- WORK REQUIRED -
In your copy, the records appear word for word and the pictures do not appear at all.

- INPUT RECORDS -
-- Opening Marker --

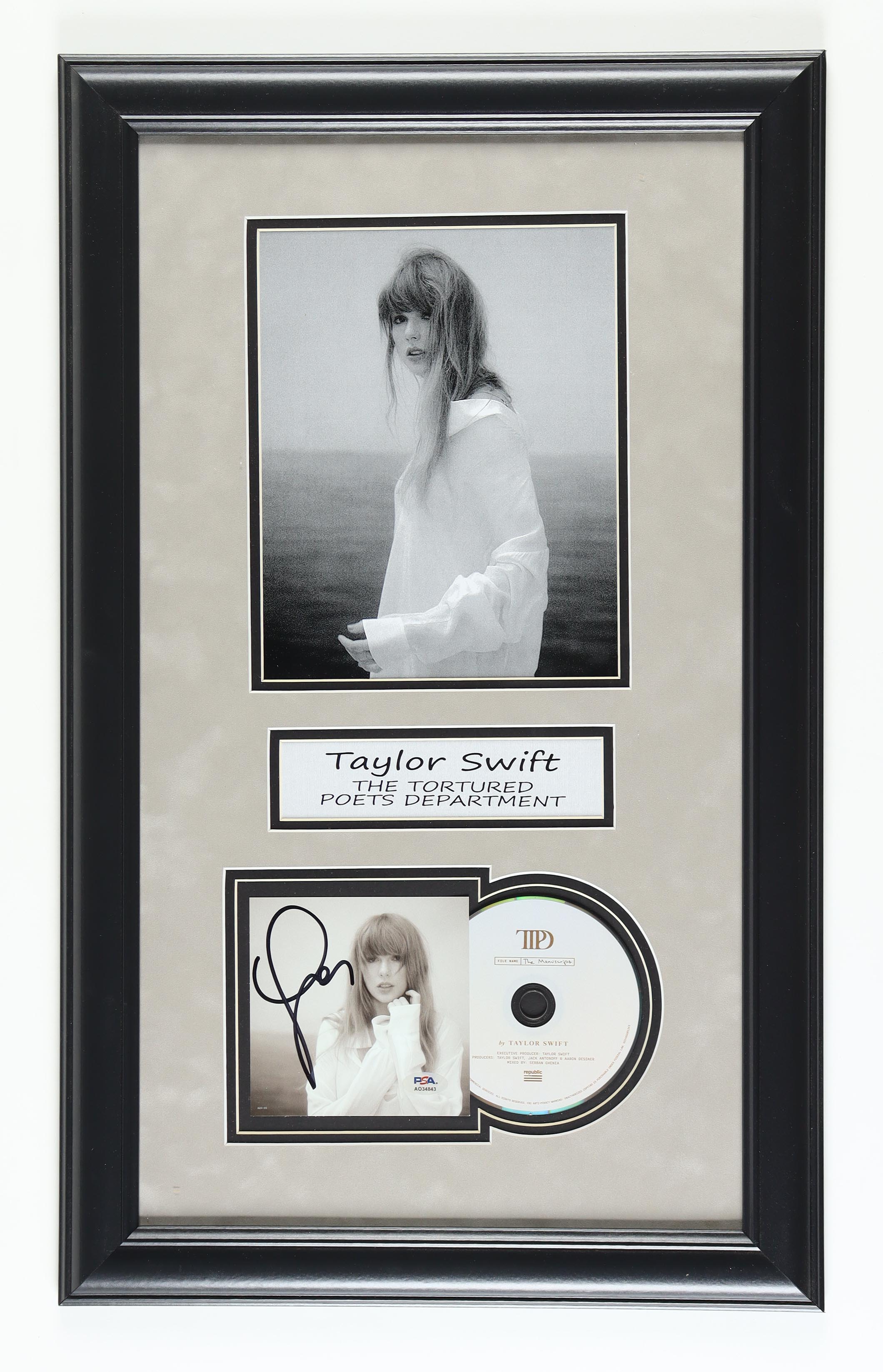 Custom frame measures approximately 16.5" x 27" in size. Features a "The Tortured Poets Department" CD insert that has been hand-signed by Taylor Swift. Includes disc as shown.
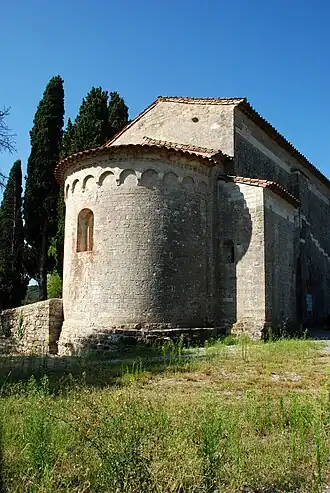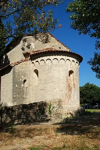 L'église possède un beau chevet semi-circulaire édifié en pierre de taille sur un soubassement en moellon.
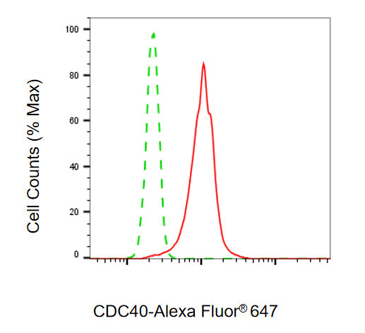 Flow cytometric analysis of CDC40 expression in HT-1080 cells using CDC40 antibody. Green, isotype control; red, CDC40.
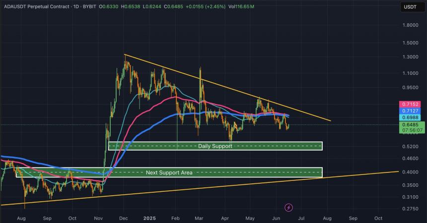 与此同时,分析师 CryptoPulse 强调,在 Cardano 的看跌趋势中,有两个支撑位值得关注。他在评论中指出,代币正呈现下降三角形趋势,需观察价格疲软是否持续存在。
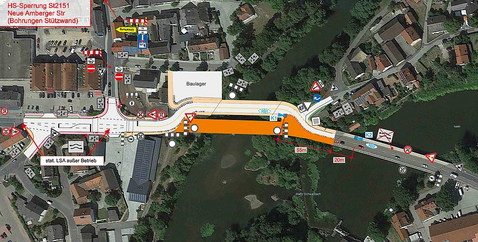 Ende Februar hatten wir bereits über die kommende Vollsperrung der Staatsstraße 2151 dieses Wochenende, 15.03.2024 ab 20 Uhr bis Montag, 18.03.2024 ca. 5 Uhr, im Zuge der Brückenbaustelle informiert. Vor Kurzem hat uns nun das Staatliche Bauamt in Kenntnis darüber gesetzt, dass es direkt im Anschluss zu einer halbseitigen Sperrung kommen wird, vom 18.03.2024 bis zum 22.03.2024. Details sind der Skizze zu entnehmen. Die Engstelle befindet sich zwischen großer und kleiner Naabbrücke. Hier müssen an einer Stützmauer Bohrungen gemacht werden. Auch bei der halbseitigen Sperrung ist leider mit erheblichen Beeinträchtigungen für den Verkehr zu rechnen. Die Ampel an der Einmündung der Hauptstraße wird abgeschaltet und eine Baustellenampel am Beginn der Behelfsbrücke aufgebaut. Das Einbiegen vom Badeanger in die St 2151 ist während der halbseitigen Sperrung nur in Fahrtrichtung ortseinwärts erlaubt. Das Abbiegen von der St 2151 in den Badeanger ist aus beiden Fahrtrichtungen möglich. Das Einbiegen von der Hauptstraße in die St 2151 ist während der Maßnahme nicht zugelassen. Diese Fahrtrichtung wird am Platz am Kreuz umgeleitet. Wer aus Richtung Sportpark / Stulln zur Brücke muss, fährt bitte möglichst über die Böttgerstraße und dann am Gewerbegebiet auf die Amberger Straße. So wird der Ortskern entlastet. Das Abbiegen von der St 2151 in die Hauptstraße ist aus beiden Fahrtrichtungen möglich. Wegen der außer Betrieb genommenen Ampel wird im Bereich zwischen Morgenlandstraße und Hauptstraße ein Tempolimit von 30 km/h angeordnet, um Fußgängern das Queren zu ermöglichen.
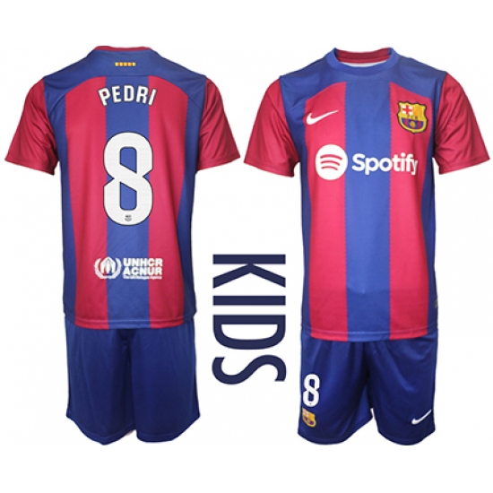 >Youth Barcelona #8 Pedri Blue Red 2023-24 Home Soccer Jersey
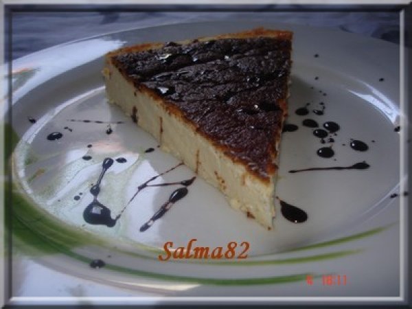 Une tarte espagnol qui est un peu lourd mais très savoureux avec le goût et parfum de vanille tellement bon! ... Vous pouvez le servir en dessert ou même en petit déjeuner. Pas mal!
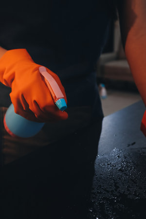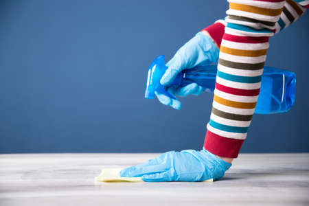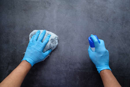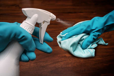 Hands in blue rubber gloves with a cleaning cloth and antibacterial sanitize spray bottle disinfecting a dark wooden surface to prevent covid-19 infection, selected focus
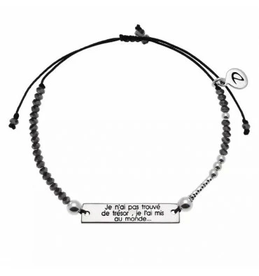 Bracelet message ajustable signé DORIANE bijoux. Ce Bracelet Perles Black se compose de Perles en Argent 925, de Perles Noires, d’un cordon Réglable grâce aux nœuds coulissants et d’une plaque Message.
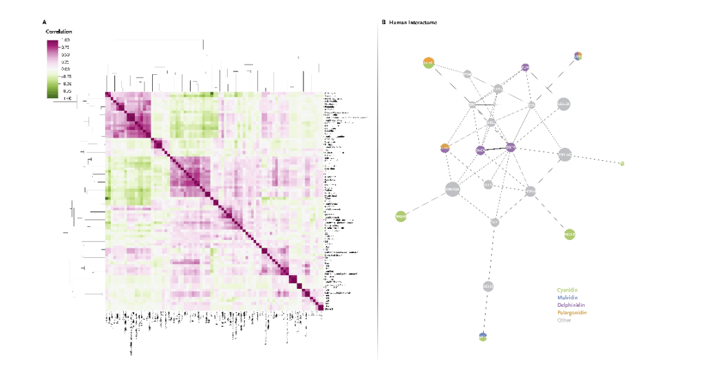 La amplia diversidad química de las moléculas de los alimentos y su función reguladora no metabólica plantean la pregunta: ¿qué parte del proteoma modulan? Este problema se representa en la Imagen 3 del gráfico interactivo , donde utilizamos node2vec para visualizar el interactoma humano 51,52 , un mapa subcelular que cataloga 354.659 interacciones físicas entre 18.659 proteínas humanas. Dado el gran número de interacciones, es imposible mostrar la red completa de forma legible. En cambio, el diseño de la figura refleja la red subyacente, con las proteínas que interactúan colocadas más cerca unas de otras que las proteínas que no interactúan. Lo que es más importante, la figura muestra todos los objetivos proteicos que tienen anotaciones de unión conocidas y validadas experimentalmente con moléculas pequeñas en la biblioteca NDM, 44 lo que indica que aproximadamente la mitad del interactoma (8997 proteínas) es el objetivo de las moléculas de los alimentos. Dado que solo el 6,45 % de las moléculas alimentarias de la biblioteca NDM presentan al menos una anotación de unión validada experimentalmente, es probable que la fracción real de proteínas moduladas por moléculas alimentarias sea mucho mayor. Sin embargo, existe una diferencia fundamental entre el papel de los fármacos y el de las moléculas alimentarias: en un momento dado, solo unas pocas proteínas son moduladas sustancialmente por los fármacos administrados en respuesta a una enfermedad. Por el contrario, las moléculas alimentarias influyen en la actividad de gran parte del proteoma a lo largo de la vida, y la variabilidad individual depende de las decisiones dietéticas (cantidad de alimento ingerido, momento de la ingestión, composición de la matriz, otros alimentos coingeridos, etc.).Aunque los fármacos y los compuestos dietéticos comparten características como moléculas pequeñas, los objetivos proteicos de los fármacos son altamente específicos, ya que son seleccionados o diseñados para limitar las asociaciones y mitigar los posibles efectos secundarios. Los compuestos naturales en los alimentos tienen mayor diversidad estructural y promiscuidad, lo que les permite unirse a una amplia gama de objetivos. Para abordar estos desafíos, recurrimos a la medicina de redes, 52,53 que define las enfermedades como cambios localizados en las redes de interacción subcelular. Identificamos el efecto relativo de un fármaco o una molécula de alimento en el interactoma midiendo el tamaño del subgrafo más grande de proteínas interactuantes diana por la misma sustancia química. 54,55 Aquí, nos centramos en las moléculas anotadas simultáneamente tanto por la biblioteca NDM como por DrugBank (1853 moléculas), ofreciendo una evaluación más imparcial al informar la bioactividad de las moléculas de alimentos que han recibido tanta atención científica como la prestada a las moléculas de los fármacos. Encontramos que, en promedio, los subgrafos generados por los objetivos de las moléculas de alimentos conectan 24,44 objetivos. Esto es 2,89 veces mayor que el número de proteínas interactuantes diana de las moléculas encontradas en DrugBank que no tienen su origen en los alimentos, que es de tan solo 8,47 (valor P de Mann-Whitney: 3,35 × 10 −41 ; tamaño del efecto: 0,14). La mayor vecindad del interactoma modulada por moléculas individuales de alimentos refleja su efecto molecular más amplio, que no puede interpretarse fácilmente a través del estrecho enfoque que se suele aplicar en el diseño de fármacos. Las moléculas de alimentos actúan como moduladores promiscuos de las redes moleculares celulares, influyendo simultáneamente en múltiples procesos y vías.Además, las moléculas de los alimentos, a diferencia de los fármacos, entran en contacto con el interactoma no de forma aislada, sino junto con otras moléculas alimentarias que suelen ser interdependientes. Estas interdependencias se muestran en la Imagen 4A del gráfico interactivo , que muestra la matriz de correlación de Spearman de las concentraciones químicas medidas para 108 frutas y verduras crudas con concentraciones catalogadas por el USDA en múltiples alimentos. Observamos grupos distintos de compuestos altamente correlacionados que a menudo reflejan vías compartidas en el metabolismo vegetal. Por ejemplo, la vitamina K 1 y la luteína, que tienen una diferencia de al menos un orden de magnitud en sus concentraciones promedio, 12 muestran una fuerte correlación debido a su vía biosintética compartida y a su precursor común, el pirofosfato de geranilgeranilo. Por el contrario, la delfinidina, una antocianidina, pertenece a un grupo separado, lo que indica la ausencia de una vía biosintética compartida. Estos hallazgos sugieren que muchas moléculas alimentarias producidas conjuntamente por el metabolismo de un organismo comparten características estructurales y funcionales, y a menudo se dirigen a las mismas áreas del interactoma humano. Las antocianidinas y las antocianinas, por ejemplo, difieren únicamente en la unión de las moléculas de azúcar. Su presencia en los alimentos muestra una fuerte correlación de Spearman, que oscila entre 0,4839 y 0,7283, y también modulan una vecindad común del interactoma mediante la acción de 10 dianas proteicas compartidas (Imagen 4 del gráfico interactivo ).

-- Closing Marker --

- OUTPUT FOR THIS EXERCISE -
 Custom frame measures approximately 16.5" x 27" in size. Features a "The Tortured Poets Department" CD insert that has been hand-signed by Taylor Swift. Includes disc as shown.
 L'église possède un beau chevet semi-circulaire édifié en pierre de taille sur un soubassement en moellon.
 Flow cytometric analysis of CDC40 expression in HT-1080 cells using CDC40 antibody. Green, isotype control; red, CDC40.
 与此同时,分析师 CryptoPulse 强调,在 Cardano 的看跌趋势中,有两个支撑位值得关注。他在评论中指出,代币正呈现下降三角形趋势,需观察价格疲软是否持续存在。
 Ende Februar hatten wir bereits über die kommende Vollsperrung der Staatsstraße 2151 dieses Wochenende, 15.03.2024 ab 20 Uhr bis Montag, 18.03.2024 ca. 5 Uhr, im Zuge der Brückenbaustelle informiert. Vor Kurzem hat uns nun das Staatliche Bauamt in Kenntnis darüber gesetzt, dass es direkt im Anschluss zu einer halbseitigen Sperrung kommen wird, vom 18.03.2024 bis zum 22.03.2024. Details sind der Skizze zu entnehmen. Die Engstelle befindet sich zwischen großer und kleiner Naabbrücke. Hier müssen an einer Stützmauer Bohrungen gemacht werden. Auch bei der halbseitigen Sperrung ist leider mit erheblichen Beeinträchtigungen für den Verkehr zu rechnen. Die Ampel an der Einmündung der Hauptstraße wird abgeschaltet und eine Baustellenampel am Beginn der Behelfsbrücke aufgebaut. Das Einbiegen vom Badeanger in die St 2151 ist während der halbseitigen Sperrung nur in Fahrtrichtung ortseinwärts erlaubt. Das Abbiegen von der St 2151 in den Badeanger ist aus beiden Fahrtrichtungen möglich. Das Einbiegen von der Hauptstraße in die St 2151 ist während der Maßnahme nicht zugelassen. Diese Fahrtrichtung wird am Platz am Kreuz umgeleitet. Wer aus Richtung Sportpark / Stulln zur Brücke muss, fährt bitte möglichst über die Böttgerstraße und dann am Gewerbegebiet auf die Amberger Straße. So wird der Ortskern entlastet. Das Abbiegen von der St 2151 in die Hauptstraße ist aus beiden Fahrtrichtungen möglich. Wegen der außer Betrieb genommenen Ampel wird im Bereich zwischen Morgenlandstraße und Hauptstraße ein Tempolimit von 30 km/h angeordnet, um Fußgängern das Queren zu ermöglichen.
 >Youth Barcelona #8 Pedri Blue Red 2023-24 Home Soccer Jersey
 Une tarte espagnol qui est un peu lourd mais très savoureux avec le goût et parfum de vanille tellement bon! ... Vous pouvez le servir en dessert ou même en petit déjeuner. Pas mal!
 Hands in blue rubber gloves with a cleaning cloth and antibacterial sanitize spray bottle disinfecting a dark wooden surface to prevent covid-19 infection, selected focus
 Bracelet message ajustable signé DORIANE bijoux. Ce Bracelet Perles Black se compose de Perles en Argent 925, de Perles Noires, d’un cordon Réglable grâce aux nœuds coulissants et d’une plaque Message.
 La amplia diversidad química de las moléculas de los alimentos y su función reguladora no metabólica plantean la pregunta: ¿qué parte del proteoma modulan? Este problema se representa en la Imagen 3 del gráfico interactivo , donde utilizamos node2vec para visualizar el interactoma humano 51,52 , un mapa subcelular que cataloga 354.659 interacciones físicas entre 18.659 proteínas humanas. Dado el gran número de interacciones, es imposible mostrar la red completa de forma legible. En cambio, el diseño de la figura refleja la red subyacente, con las proteínas que interactúan colocadas más cerca unas de otras que las proteínas que no interactúan. Lo que es más importante, la figura muestra todos los objetivos proteicos que tienen anotaciones de unión conocidas y validadas experimentalmente con moléculas pequeñas en la biblioteca NDM, 44 lo que indica que aproximadamente la mitad del interactoma (8997 proteínas) es el objetivo de las moléculas de los alimentos. Dado que solo el 6,45 % de las moléculas alimentarias de la biblioteca NDM presentan al menos una anotación de unión validada experimentalmente, es probable que la fracción real de proteínas moduladas por moléculas alimentarias sea mucho mayor. Sin embargo, existe una diferencia fundamental entre el papel de los fármacos y el de las moléculas alimentarias: en un momento dado, solo unas pocas proteínas son moduladas sustancialmente por los fármacos administrados en respuesta a una enfermedad. Por el contrario, las moléculas alimentarias influyen en la actividad de gran parte del proteoma a lo largo de la vida, y la variabilidad individual depende de las decisiones dietéticas (cantidad de alimento ingerido, momento de la ingestión, composición de la matriz, otros alimentos coingeridos, etc.).Aunque los fármacos y los compuestos dietéticos comparten características como moléculas pequeñas, los objetivos proteicos de los fármacos son altamente específicos, ya que son seleccionados o diseñados para limitar las asociaciones y mitigar los posibles efectos secundarios. Los compuestos naturales en los alimentos tienen mayor diversidad estructural y promiscuidad, lo que les permite unirse a una amplia gama de objetivos. Para abordar estos desafíos, recurrimos a la medicina de redes, 52,53 que define las enfermedades como cambios localizados en las redes de interacción subcelular. Identificamos el efecto relativo de un fármaco o una molécula de alimento en el interactoma midiendo el tamaño del subgrafo más grande de proteínas interactuantes diana por la misma sustancia química. 54,55 Aquí, nos centramos en las moléculas anotadas simultáneamente tanto por la biblioteca NDM como por DrugBank (1853 moléculas), ofreciendo una evaluación más imparcial al informar la bioactividad de las moléculas de alimentos que han recibido tanta atención científica como la prestada a las moléculas de los fármacos. Encontramos que, en promedio, los subgrafos generados por los objetivos de las moléculas de alimentos conectan 24,44 objetivos. Esto es 2,89 veces mayor que el número de proteínas interactuantes diana de las moléculas encontradas en DrugBank que no tienen su origen en los alimentos, que es de tan solo 8,47 (valor P de Mann-Whitney: 3,35 × 10 −41 ; tamaño del efecto: 0,14). La mayor vecindad del interactoma modulada por moléculas individuales de alimentos refleja su efecto molecular más amplio, que no puede interpretarse fácilmente a través del estrecho enfoque que se suele aplicar en el diseño de fármacos. Las moléculas de alimentos actúan como moduladores promiscuos de las redes moleculares celulares, influyendo simultáneamente en múltiples procesos y vías.Además, las moléculas de los alimentos, a diferencia de los fármacos, entran en contacto con el interactoma no de forma aislada, sino junto con otras moléculas alimentarias que suelen ser interdependientes. Estas interdependencias se muestran en la Imagen 4A del gráfico interactivo , que muestra la matriz de correlación de Spearman de las concentraciones químicas medidas para 108 frutas y verduras crudas con concentraciones catalogadas por el USDA en múltiples alimentos. Observamos grupos distintos de compuestos altamente correlacionados que a menudo reflejan vías compartidas en el metabolismo vegetal. Por ejemplo, la vitamina K 1 y la luteína, que tienen una diferencia de al menos un orden de magnitud en sus concentraciones promedio, 12 muestran una fuerte correlación debido a su vía biosintética compartida y a su precursor común, el pirofosfato de geranilgeranilo. Por el contrario, la delfinidina, una antocianidina, pertenece a un grupo separado, lo que indica la ausencia de una vía biosintética compartida. Estos hallazgos sugieren que muchas moléculas alimentarias producidas conjuntamente por el metabolismo de un organismo comparten características estructurales y funcionales, y a menudo se dirigen a las mismas áreas del interactoma humano. Las antocianidinas y las antocianinas, por ejemplo, difieren únicamente en la unión de las moléculas de azúcar. Su presencia en los alimentos muestra una fuerte correlación de Spearman, que oscila entre 0,4839 y 0,7283, y también modulan una vecindad común del interactoma mediante la acción de 10 dianas proteicas compartidas (Imagen 4 del gráfico interactivo ).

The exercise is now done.